LAVA tests may get output from the previous test binary #143

Open pfalcon opened 3 years ago

pfalcon commented 3 years ago

I've seen this before, but didn't record cases, and now I do. https://staging.validation.linaro.org/scheduler/job/282676 shows that a test may get output from the previous binary flashed on the board (instead of the binary which was flashed by the current test job running). Output parsing then may start based on this old output. And we even may imagine that it may stop based on this old output. Then we may get false positive (or negative, too) test result, where old testsuite passed and that's what we parsed, but later real testsuite actually failed. I never saw such a case. But the matter, we aren't protect from such cases.

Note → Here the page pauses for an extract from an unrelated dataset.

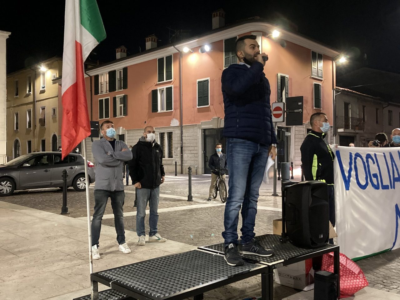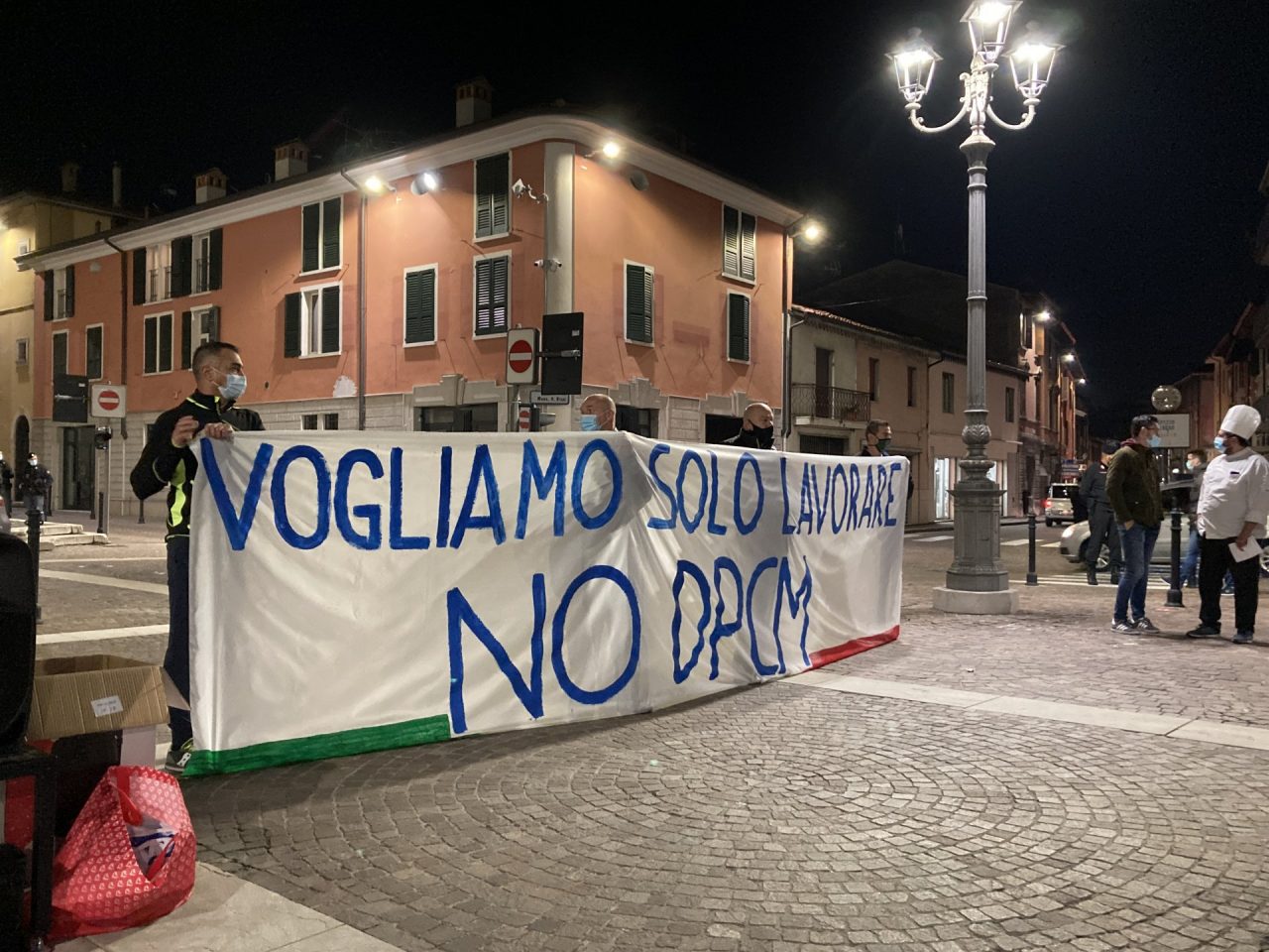 Oltre cento persone stasera sono scese in piazza Roma, a Ospitaletto, per manifestare contro l’ultimo DPCM che impone la chiusura anticipata alle 18 di ristoranti e locali, lo stop delle attività sportive e culturali e il coprifuoco alle 23.

For a long time, my "usual suspect" of where the problem lies was ser2net, hence https://github.com/Linaro/lite-lava-docker-compose/issues/129. But more or less detailed investigation I undertook in that ticket showed that ser2net itself doesn't do any particular magic, beyond sending to board UART BREAK condition when a network client connects to it. I didn't see any particular "caching" to be documented (or visible) on its side.

So, the "caching" problem would be somewhere else. And we should consider any part of the connection pipeline: LAVA Lab additional hardware (hubs/multiplexors) -> Linux kernel -> ser2net -> expect. Of particular interest is that so far I saw such cases only with the LAVA Lab jobs, but it can be easily explained by the fact that when running locally, I usually flash the same test binary over and over again, while in the Lab, there's true variety.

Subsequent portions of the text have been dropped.